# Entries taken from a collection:
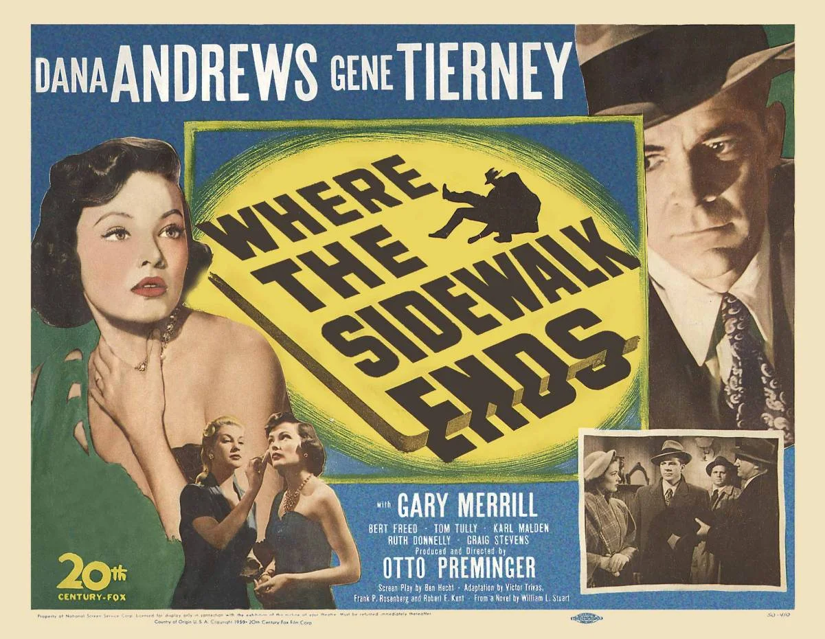 «Al Borde del Peligro» (1950) Título original: Where the Sidewalk EndsDirector: Otto PremingerGuion: Ben HechtProtagonistas: Dana Andrews, Gene Tierney, Gary Merrill, Karl Malden
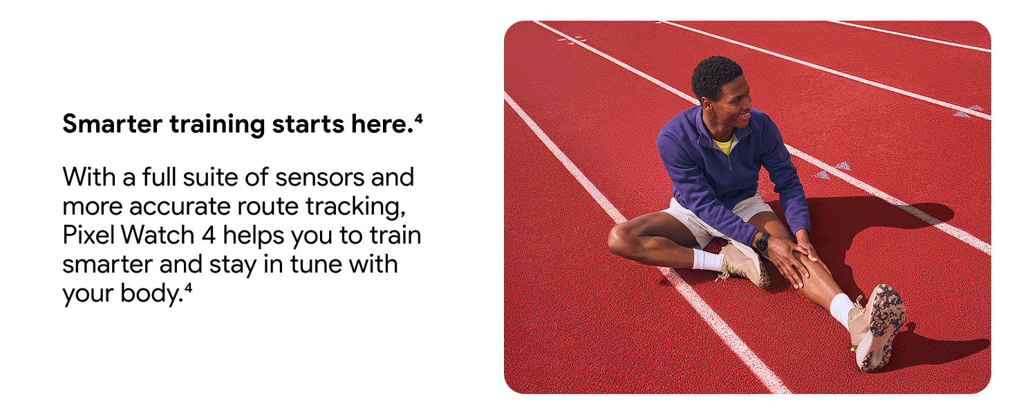 Training smarter starts with the Pixel Watch 4. It connects the dots between your activity and recovery, so you can make informed decisions about your workouts and optimise your performance.
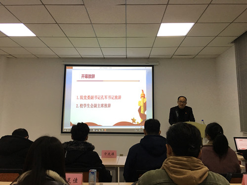 会议在主持人的宣读下隆重开幕。大会第一项,孔军书记代表我院进行开幕致辞。他希望全院同学在新一届的学生会带领下,振奋精神,努力拼搏,创造新的工作局面。校学生会副主席陈人杰代表我校校学生会发表致辞,一方面希望我院学生会与校学生会互帮互助,齐头并进;另一方面也预祝我院第一届学生代表大会圆满召开。
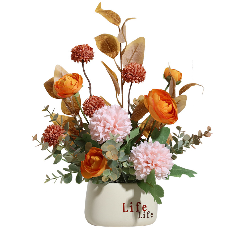 orange four-headed lotus pot
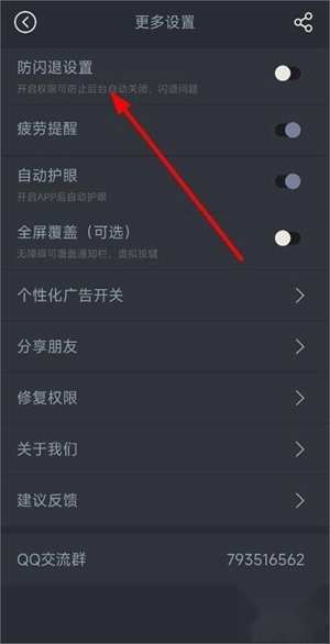 3、进入高级设置页面后,用户能够对应用稳定性(防闪退)、用眼健康提醒(疲劳提示)、智能护眼触发以及全屏模式等功能进行配置,所有已做的设置会在退出该界面时自动完成保存。

# What you have to do:
Return all of the entries exactly as written, but drop any pictures they hold.

# Answer box:
 «Al Borde del Peligro» (1950) Título original: Where the Sidewalk EndsDirector: Otto PremingerGuion: Ben HechtProtagonistas: Dana Andrews, Gene Tierney, Gary Merrill, Karl Malden
 Training smarter starts with the Pixel Watch 4. It connects the dots between your activity and recovery, so you can make informed decisions about your workouts and optimise your performance.
 会议在主持人的宣读下隆重开幕。大会第一项,孔军书记代表我院进行开幕致辞。他希望全院同学在新一届的学生会带领下,振奋精神,努力拼搏,创造新的工作局面。校学生会副主席陈人杰代表我校校学生会发表致辞,一方面希望我院学生会与校学生会互帮互助,齐头并进;另一方面也预祝我院第一届学生代表大会圆满召开。
 orange four-headed lotus pot
 3、进入高级设置页面后,用户能够对应用稳定性(防闪退)、用眼健康提醒(疲劳提示)、智能护眼触发以及全屏模式等功能进行配置,所有已做的设置会在退出该界面时自动完成保存。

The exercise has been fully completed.